**Task to carry out:** The whole listing is to be written out again exactly; the pictures are not.
-- Material provided follows --
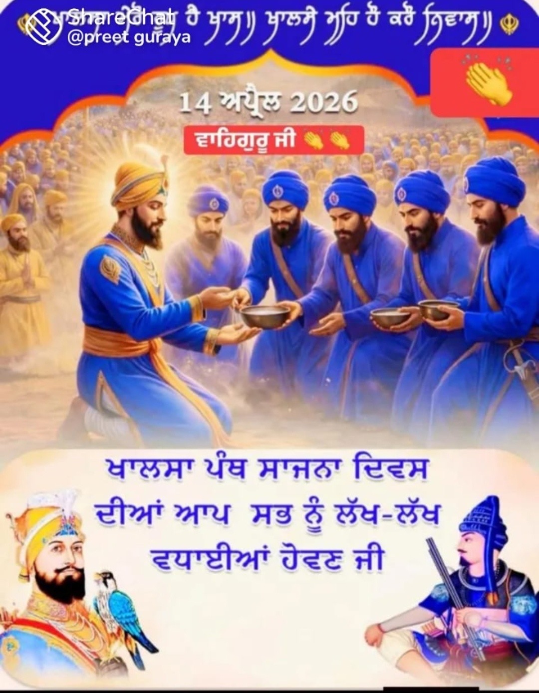 ਵਿਸਾਖੀ ਦਾ ਦਿਨ ਸਿੱਖ ਇਤਿਹਾਸ ਵਿੱਚ 1699 ਨਾਲ ਅਮਰ ਹੋ ਗਿਆ, ਜਦੋਂ ਸ੍ਰੀ ਅਨੰਦਪੁਰ ਸਾਹਿਬ ਵਿਖੇ ਦਸਵੇਂ ਪਾਤਸ਼ਾਹ ਸ੍ਰੀ ਗੁਰੂ ਗੋਬਿੰਦ ਸਿੰਘ ਜੀ ਨੇ ਖਾਲਸਾ ਪੰਥ ਦੀ ਸਥਾਪਨਾ ਕੀਤੀ। ਇਸ ਮੌਕੇ ਗੁਰੂ ਜੀ ਨੇ ਹਜ਼ਾਰਾਂ ਦੀ ਸੰਗਤ ਵਿਚੋਂ ਪੰਜ ਸਹਿਬਾਨ ਨੂੰ ਚੁਣਿਆ, ਜੋ “ਪੰਜ ਪਿਆਰੇ” ਵਜੋਂ ਜਾਣੇ ਜਾਂਦੇ ਹਨ – ਭਾਈ ਦਇਆ ਸਿੰਘ ਜੀ, ਭਾਈ ਧਰਮ ਸਿੰਘ ਜੀ, ਭਾਈ ਹਿੰਮਤ ਸਿੰਘ ਜੀ, ਭਾਈ ਮੋਹਕਮ ਸਿੰਘ ਜੀ ਅਤੇ ਭਾਈ ਸਾਹਿਬ ਸਿੰਘ ਜੀ।
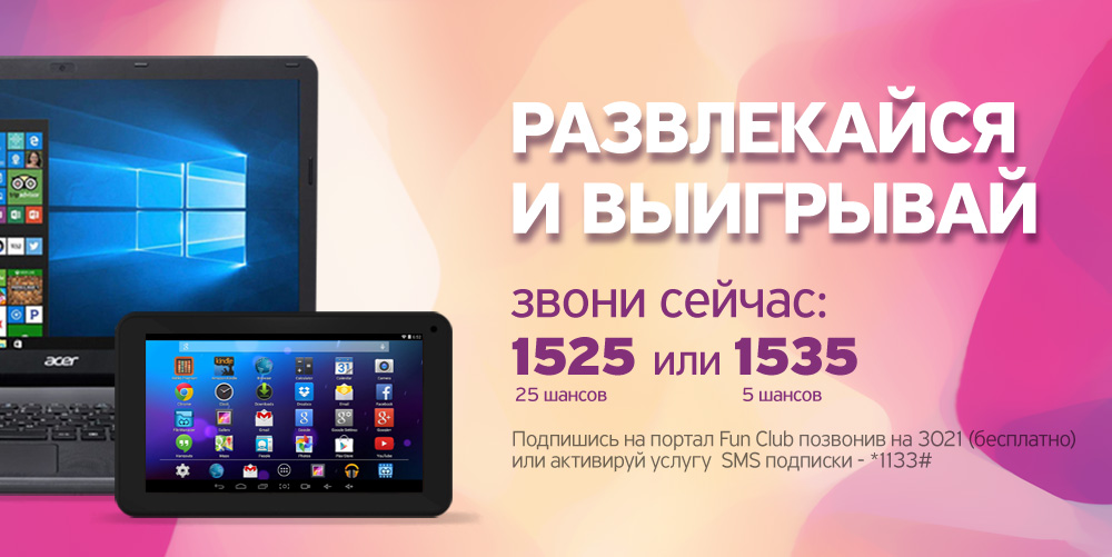 Подписка на услуги 3021 Fun Club или SMS-подписка по короткому номеру *1133# равна 1 шансу на выигрыш. Чем больше дней подписки – тем больше шансов выиграть приз.
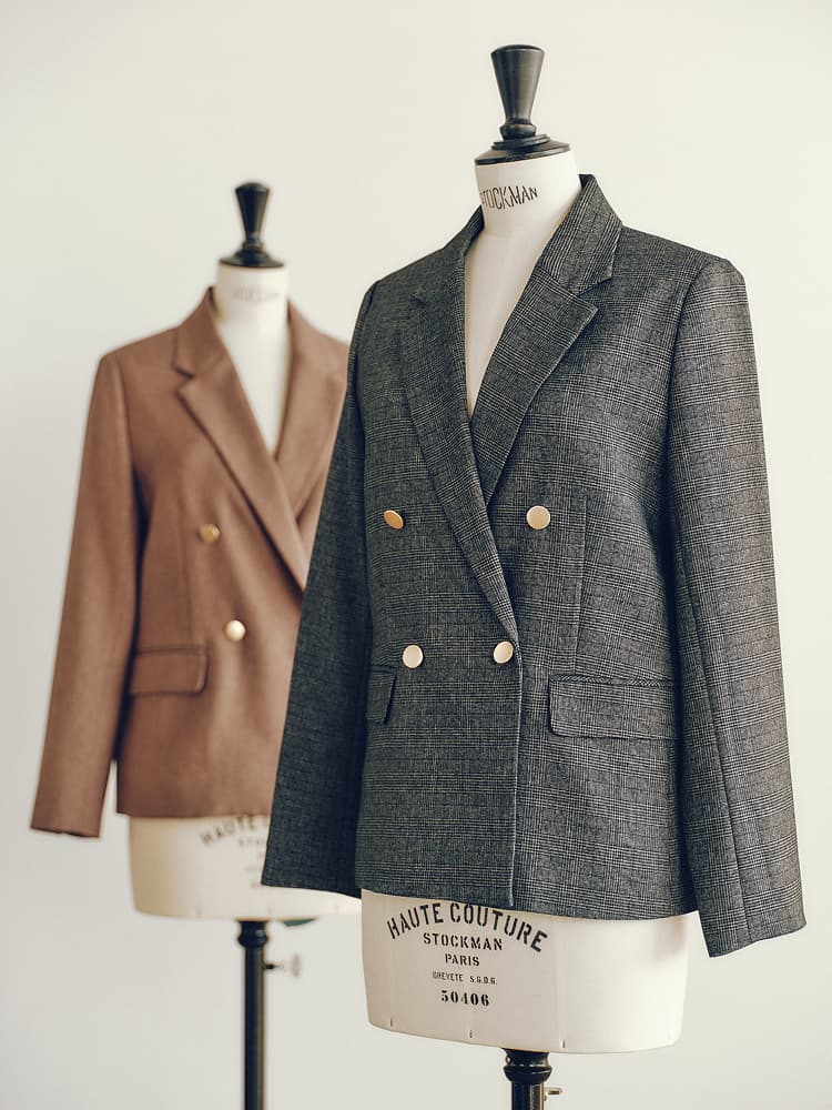 ロペピクニックのシグネチャーアイテムとも言える大人気の金ボタンジャケット。裏地が2/3ほどカットされた背抜き仕立てなので通気性が良く、暑さの残る秋口のアウターとしても重宝します。スタンダードなデザインで、ロングシーズン着用できるのも人気の秘密です。
-- Material provided concluded --
**Answer to this exercise:**
 ਵਿਸਾਖੀ ਦਾ ਦਿਨ ਸਿੱਖ ਇਤਿਹਾਸ ਵਿੱਚ 1699 ਨਾਲ ਅਮਰ ਹੋ ਗਿਆ, ਜਦੋਂ ਸ੍ਰੀ ਅਨੰਦਪੁਰ ਸਾਹਿਬ ਵਿਖੇ ਦਸਵੇਂ ਪਾਤਸ਼ਾਹ ਸ੍ਰੀ ਗੁਰੂ ਗੋਬਿੰਦ ਸਿੰਘ ਜੀ ਨੇ ਖਾਲਸਾ ਪੰਥ ਦੀ ਸਥਾਪਨਾ ਕੀਤੀ। ਇਸ ਮੌਕੇ ਗੁਰੂ ਜੀ ਨੇ ਹਜ਼ਾਰਾਂ ਦੀ ਸੰਗਤ ਵਿਚੋਂ ਪੰਜ ਸਹਿਬਾਨ ਨੂੰ ਚੁਣਿਆ, ਜੋ “ਪੰਜ ਪਿਆਰੇ” ਵਜੋਂ ਜਾਣੇ ਜਾਂਦੇ ਹਨ – ਭਾਈ ਦਇਆ ਸਿੰਘ ਜੀ, ਭਾਈ ਧਰਮ ਸਿੰਘ ਜੀ, ਭਾਈ ਹਿੰਮਤ ਸਿੰਘ ਜੀ, ਭਾਈ ਮੋਹਕਮ ਸਿੰਘ ਜੀ ਅਤੇ ਭਾਈ ਸਾਹਿਬ ਸਿੰਘ ਜੀ।
 Подписка на услуги 3021 Fun Club или SMS-подписка по короткому номеру *1133# равна 1 шансу на выигрыш. Чем больше дней подписки – тем больше шансов выиграть приз.
 ロペピクニックのシグネチャーアイテムとも言える大人気の金ボタンジャケット。裏地が2/3ほどカットされた背抜き仕立てなので通気性が良く、暑さの残る秋口のアウターとしても重宝します。スタンダードなデザインで、ロングシーズン着用できるのも人気の秘密です。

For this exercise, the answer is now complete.